Task -> Which lines run from the one containing "Place à l'installation." through the end of the data? Write them out exactly, with the pictures left out.

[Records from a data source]
= = =
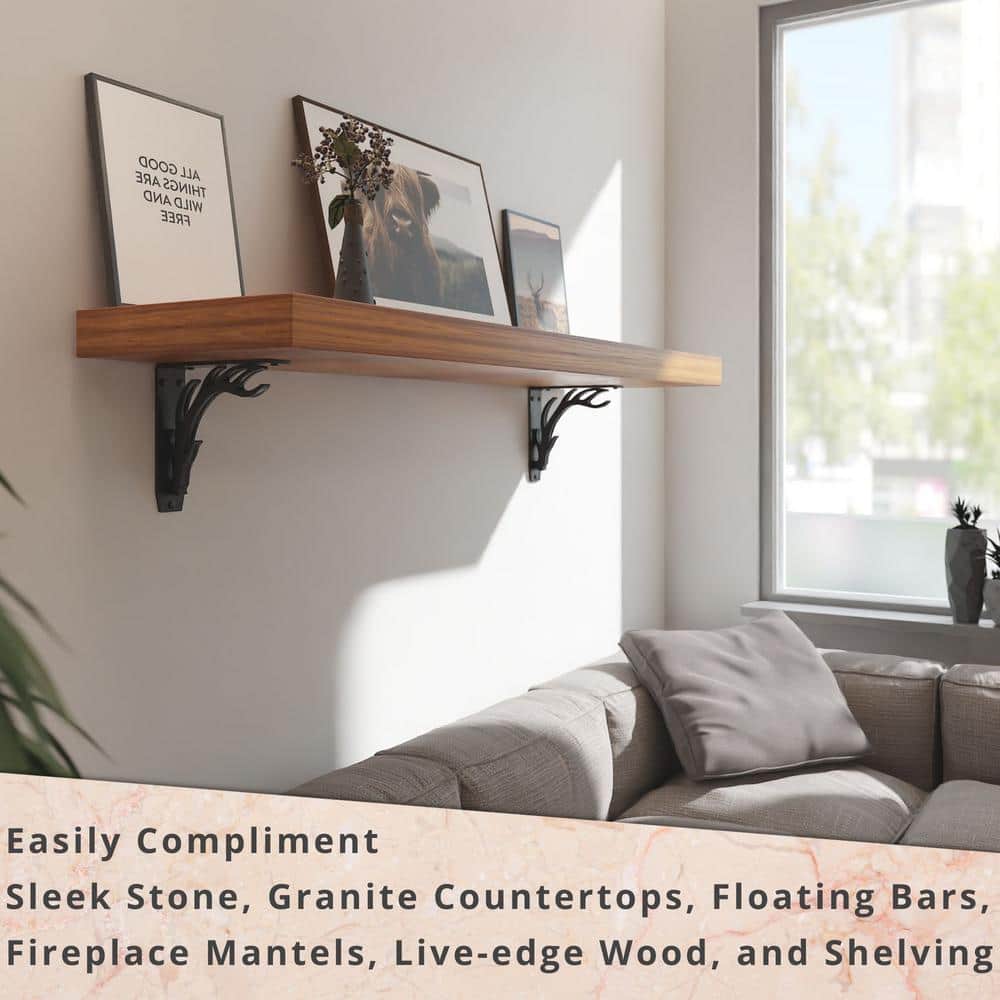 Transform your space with Starby's Elk Lodge Antler Black Steel Shelf Brackets, crafted for durability and elegance. Made from superior American steel, these decorative brackets hold over 500 lbs and feature an intricate antler design for a touch of rustic sophistication.
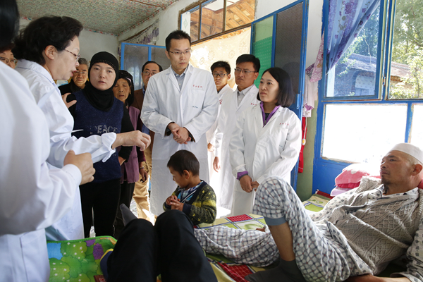 听说很多患者因为行动不便,无法赶来参加义诊,9月11日和12日上午,在甘肃省卫计委王晓明副主任、临夏州卫计委金有录主任的陪同下,顾小萍书记、王晋伦主任、高继明副书记携骨科、神经内科、呼吸科相关学科专家,一同深入到积石山县大河家镇2户和癿藏镇的3户因病致贫、因病返贫的患者家中送医送药、开展慰问。听说很多患者因为行动不便,无法赶来参加义诊,9月11日和12日上午,在甘肃省卫计委王晓明副主任、临夏州卫计委金有录主任的陪同下,顾小萍书记、王晋伦主任、高继明副书记携骨科、神经内科、呼吸科相关学科专家,一同深入到积石山县大河家镇2户和癿藏镇的3户因病致贫、因病返贫的患者家中送医送药、开展慰问。
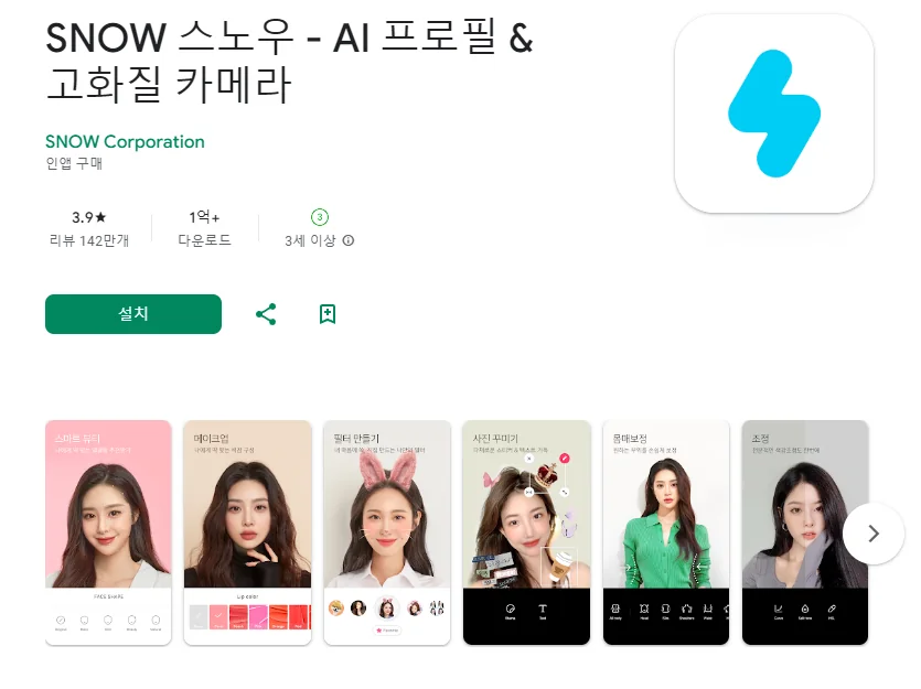 이 어플은 구글플레이스토어에서 "카메라"로 검색했을때 1번째로 나오는 어플입니다. 아래는 SNOW 스노우 - AI 프로필 & 고화질 카메라 어플에 대한 자세한 설명이니 참고하세요.
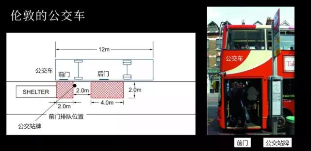 公交站的等候位置也是有讲究的。实际上,在伦敦的公交设计手册里面就有这样的规定,前门应该在哪个位置,后门应该在哪个位置,如果是三节的车,中门应该在哪个位置。
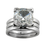 Elegant matching wedding set topped with AAA high quality 3.0 square cushion cut in V prong tiffany setting.Each band is 2.5mm in width. Double bands.
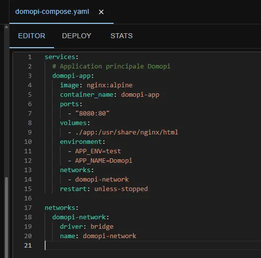Place à l'installation. Créez un fichier compose.yaml avec le contenu suivant :
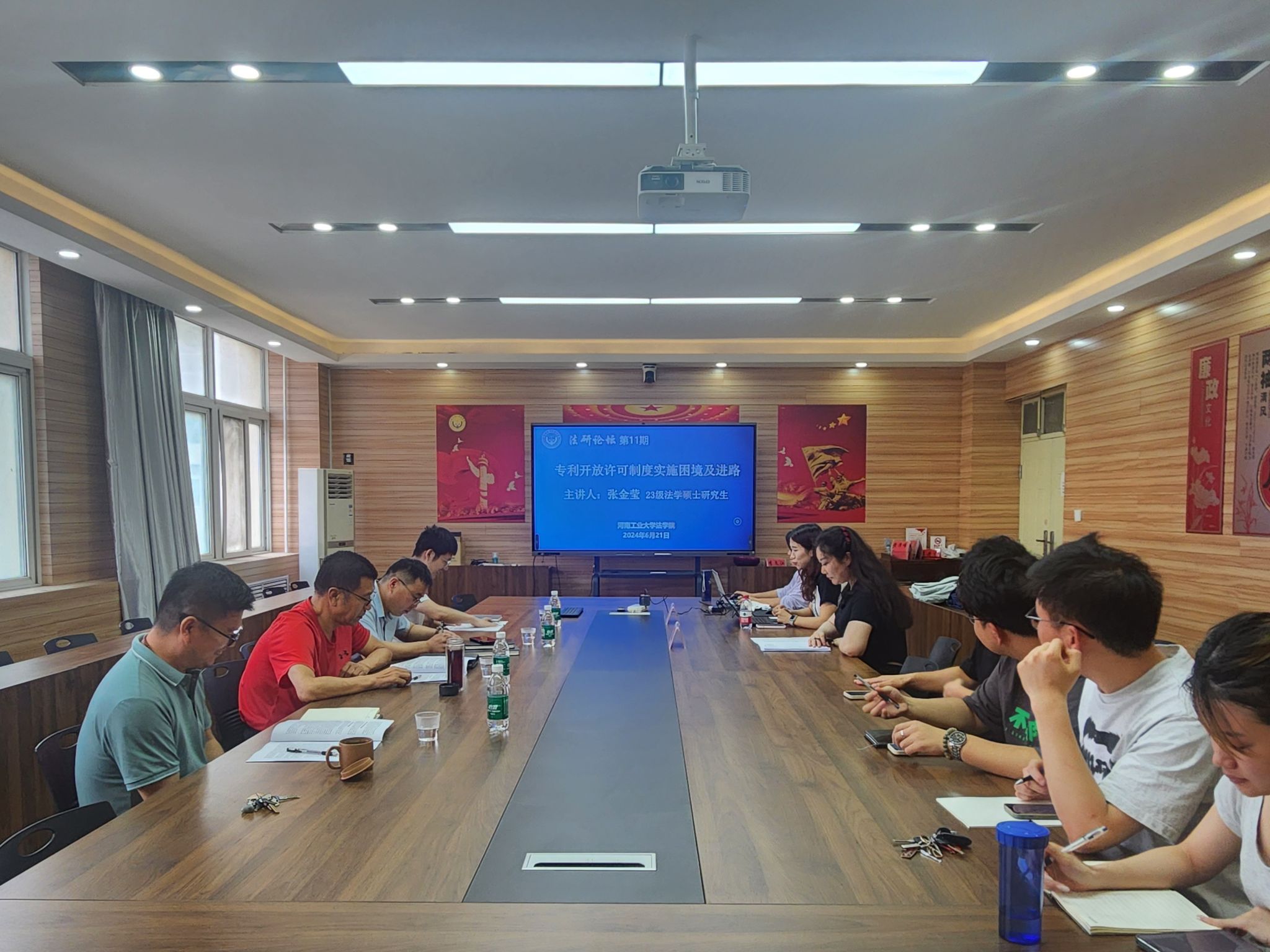 在3424会议室成功举办“法研论坛”第11期学术研讨会。2023级法学硕士研究生张金莹围绕“专利开放许可制度的实施困境及进路”作主题分享。本次会议邀请硕士生导师陈政副教授、陈辉副教授、苏冬冬博士担任评议人,李文江教授担任总结人。会议由2023级法学硕士研究生方真真主持,2023级全体研究生参加会议。
= = =
Result of the exercise ->
Place à l'installation. Créez un fichier compose.yaml avec le contenu suivant :
 在3424会议室成功举办“法研论坛”第11期学术研讨会。2023级法学硕士研究生张金莹围绕“专利开放许可制度的实施困境及进路”作主题分享。本次会议邀请硕士生导师陈政副教授、陈辉副教授、苏冬冬博士担任评议人,李文江教授担任总结人。会议由2023级法学硕士研究生方真真主持,2023级全体研究生参加会议。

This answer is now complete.